1つ目は,今までのやってきたことを言い換えただけ。型判別の switch 文の変わりになるということは,仮想関数の代わりになるということ。2つ目は,Dispatcher のスコープを関数内,ファイルスコープ,その他の名前空間など,つまりコード中のどこにでも置けるということを言い換えただけだ。

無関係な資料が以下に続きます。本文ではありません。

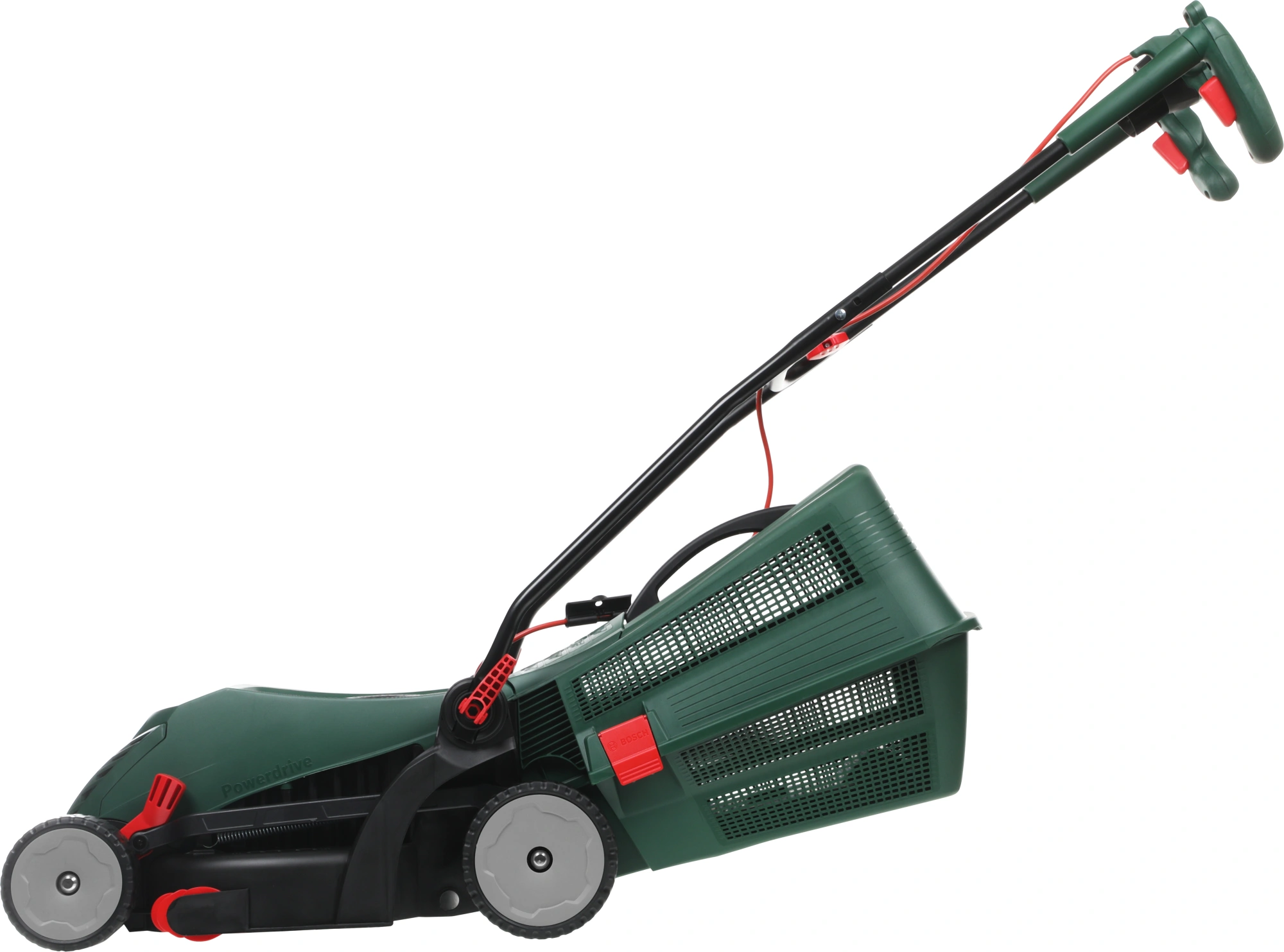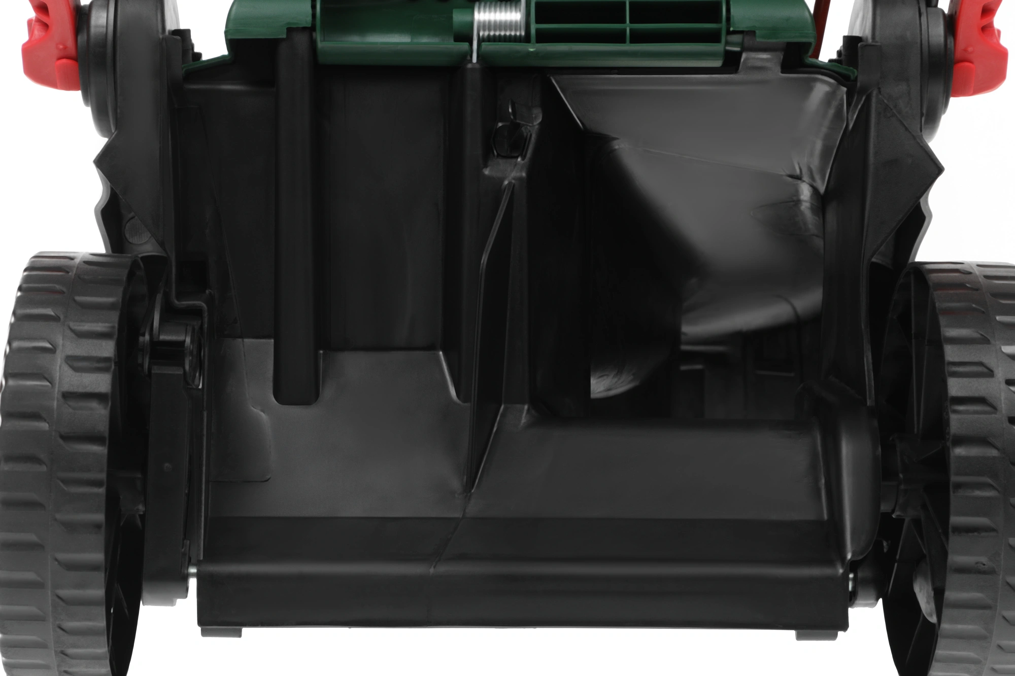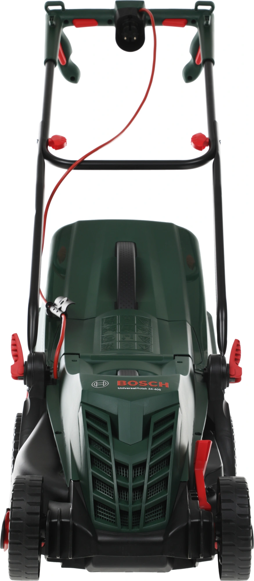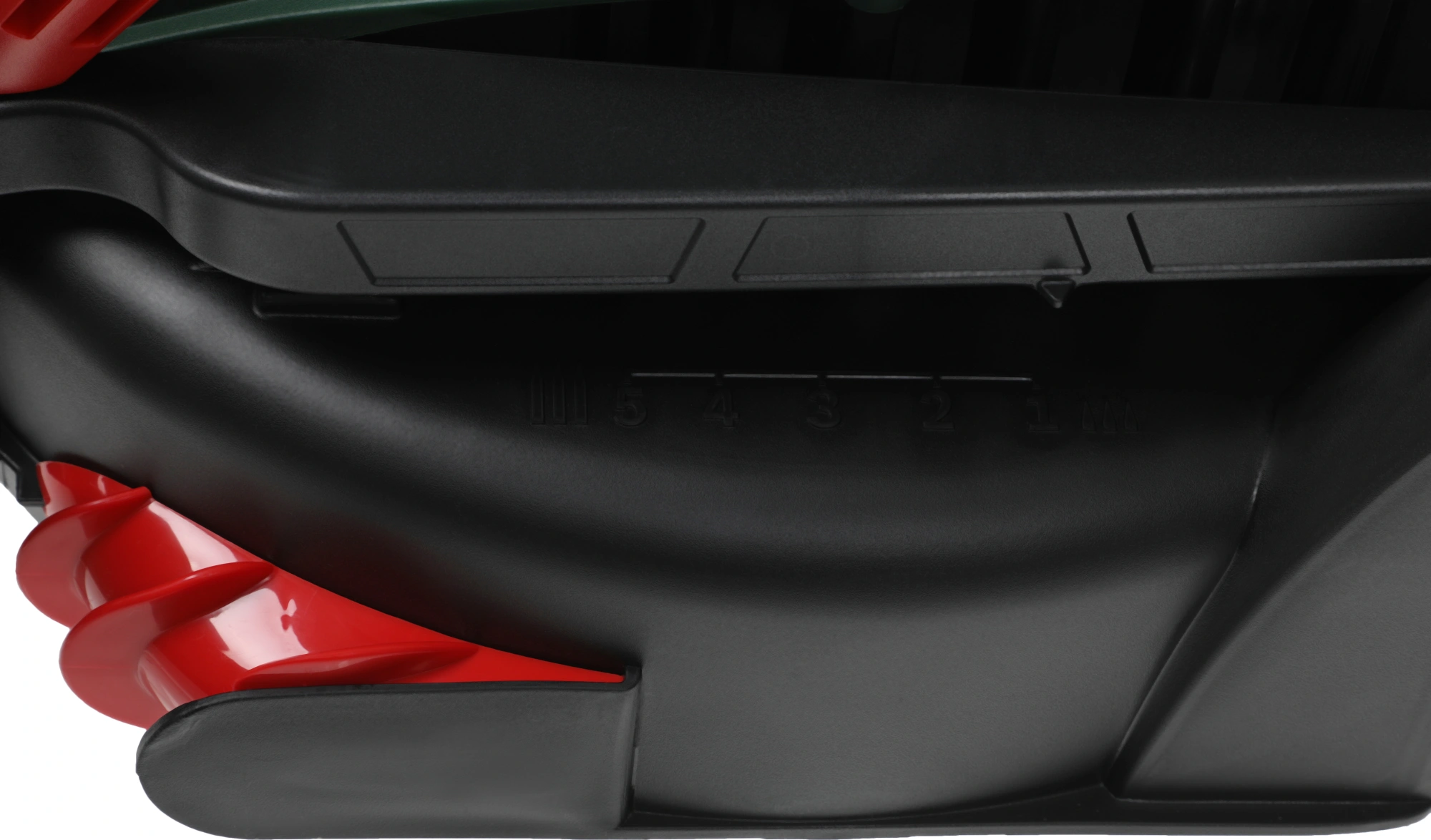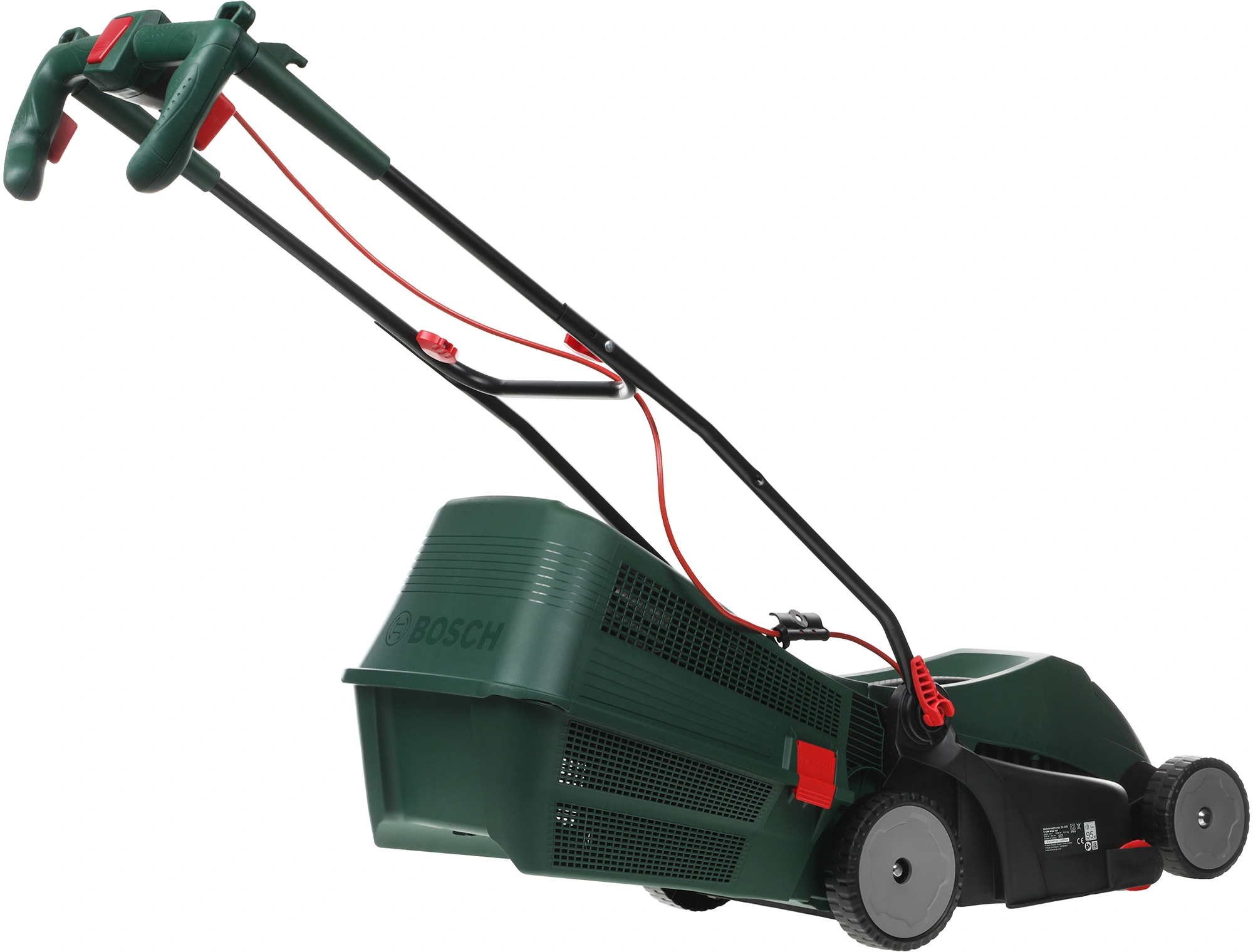 защита от перегрузок, регулировка высоты скашивания, ручки для транспортировки, складная ручка

仮想関数追加によるクラスの拡張を縦方向の拡張だとしたら,Double Dispatch による機能の追加は横方向の拡張だといえるだろう。Double Dispatch の機能をクラスに追加するだけで,拡張の方向が,1次元から2次元にレベルアップするようなイメージだろうか。何がすごいのか,言葉にできなくてもやもやしてみたものが,言葉にできてよかった。

絵にするとこんな感じ
http://farm2.static.flickr.com/1382/700635427_02c3d50e60_o.png
縦方向が,クラスの機能だとしよう。楕円のひとつひとつが,それぞれのクラスの実装だとすると,メンバ関数を追加するのは,縦長の楕円を縦に延ばすイメージ。クラスの機能を追加するには,4つの縦長の楕円をいじる必要がある。それに対して,Double Dispatch の場合は,必要に応じて,新しいクラスをひとつ追加するだけで良い。メンバ関数の追加はそのクラスを利用する全てのコードに影響を与えるのに対し,Dispatcher のスコープは実装者が自由に選ぶことができる。
・・・あ,いまさらながらに「データと処理を分離する」の言いたいことが分かった(笑)。しかし,正確に言えば「データと処理を分離するためにも使える」だろう。分離するかどうかはクラスの設計次第だ。新しい機能を dispatcher で実現するか,メンバ関数の追加で実現するかは,その時々の状況次第ってこと。